Сообщество людей церковных в основном делится на две численно, а иногда и качественно, различных категории. Одни – те, кто оставляют все в этом мире: семьи, дома, благолепие, достаток и следуют за Христом Спасителем, другие – те, кто на протяжении столетий церковной жизни в своих домах принимают идущих узким и жестким путем самоотвержения, начиная с самого Христа и Его учеников. Эти дома согреты теплом души, теплом молитвы, которая в них совершается, эти дома благообразны и исполнены чистоты, в них отсутствуют вычурность и роскошь, но они напоминают о том, что если семья есть малая Церковь, то и обиталище семьи – дом – тоже должен быть в некотором смысле, пусть и очень отдаленным, но отражением Церкви земной так же, как она является отражением Церкви Небесной. В доме тоже должны быть и красота, и соразмерность. Эстетическое чувство естественно, оно от Бога, и должно находить свое выражение. И когда в жизни христианской семьи это есть, то это можно только приветствовать. Другое дело, что не все и не всегда ощущают это необходимым, что тоже нужно понимать. Знаю семьи церковных людей, которые живут, не очень задумываясь о том, какие у них столы и стулья, и даже вполне ли убрано, чист ли пол. И уже несколько лет как появившиеся протечки на потолке не лишают их кров теплоты и не делают его менее притягательным для близких и друзей, которые тянутся к этому очагу. Так что, стремясь к разумному благообразию внешнего, все же будем помнить, что для христианина главное – внутреннее, и где будет теплота души, там и осыпающаяся побелка ничего не испортит. А где ее не будет, то хоть фрески Дионисия повесь на стенку, от этого дом уютнее и теплее не станет.
24. Что стоит за таким сугубым русофильством на бытовом уровне, когда муж ходит дома в холщовой косоворотке и чуть ли не в лаптях, жена в сарафане и платке и на столе – не иначе как квас и кислая капуста?
Иногда – это игра на публику.

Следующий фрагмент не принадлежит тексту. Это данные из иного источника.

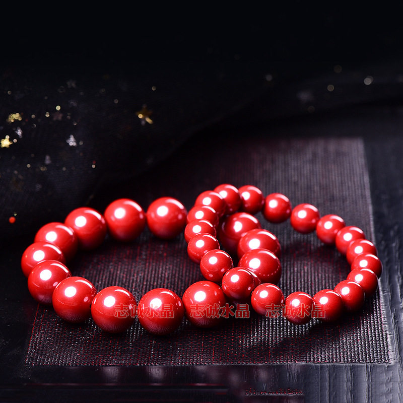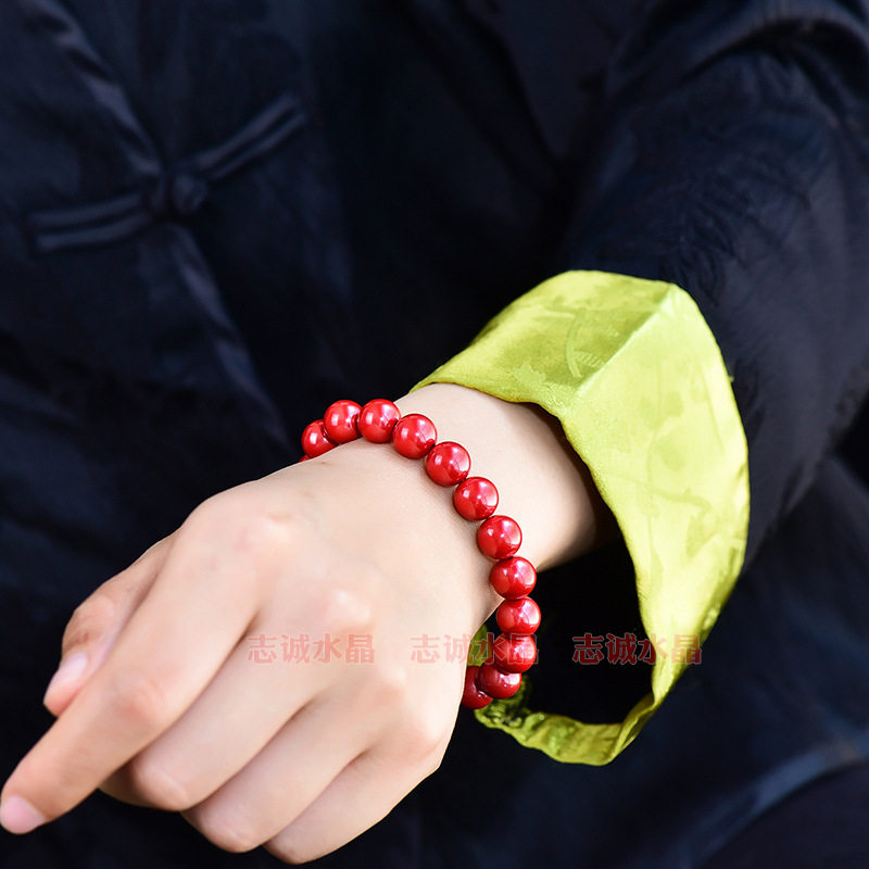 天然高低含量帝王砂圆珠单圈手链男女士款红色朱砂手串辰砂6-16mm

Но если кому-то приятно ходить дома в старорусском сарафане, а кому-то кирзовые сапоги или даже лапти носить удобнее, чем синтетические тапочки, и делается это не показухи ради, то чего ж тут скажешь. Всегда лучше использовать то, что проверено веками и тем более освящено бытовой традицией, чем впадать в какие-то революционные крайности. Однако это становится по-настоящему дурным, если в этом есть стремление обозначить некоторое идеологическое направление своей жизни. И как вообще всякое привнесение идеологического в сферу духовно-религиозного это оборачивается фальшью, неискренностью и в итоге – духовным поражением.

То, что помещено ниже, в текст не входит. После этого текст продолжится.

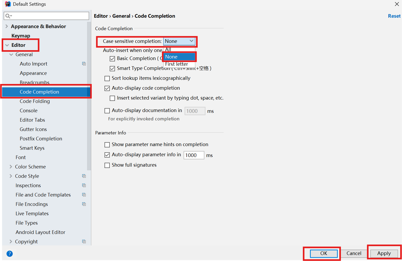Idea 的代码提示是非常强大的,方法或者属性存在大小写,咱们希望不管是大写还是小写都有提示,可以参考如下设置:
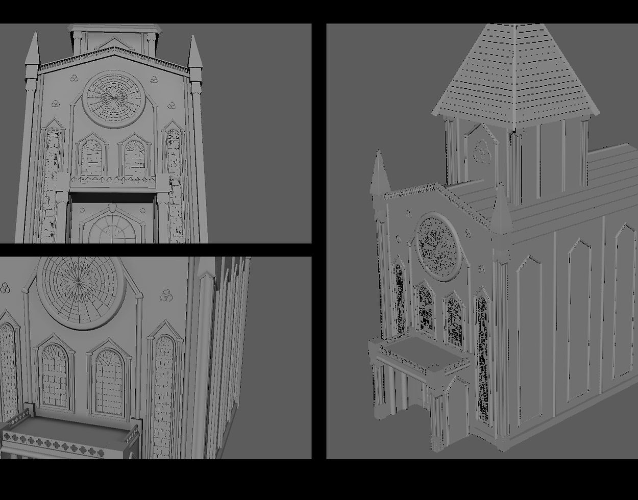 Insziniert wird das ganze durch eine animierte Kamerafahrt in Unreal, wo eine Kirche, gemodelt in Maya und gepainted in Substance, in den Fokus gerückt wird. Begleitet wird all das durch einen Soundtrack, kreiert in Ableton Live, und Soundeffects.
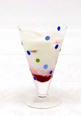 イチゴミルクのカシス版です。2層になったジュリエットミルクをステアすることで、ピンク色のかわいい飲み物になります。お子様とご一緒にお召し上がりください。

Хотя лично мне сакрализации быта в такой степени ни в одной православной семье видеть не приходилось. Поэтому чисто умозрительно я могу подобное представить, но трудно судить о том, с чем незнаком.
25. Можно ли и в достаточно взрослом возрасте ребенка руководить, к примеру, выбором книг для его чтения, чтобы в дальнейшем у него не возникало никаких идеологических перекосов?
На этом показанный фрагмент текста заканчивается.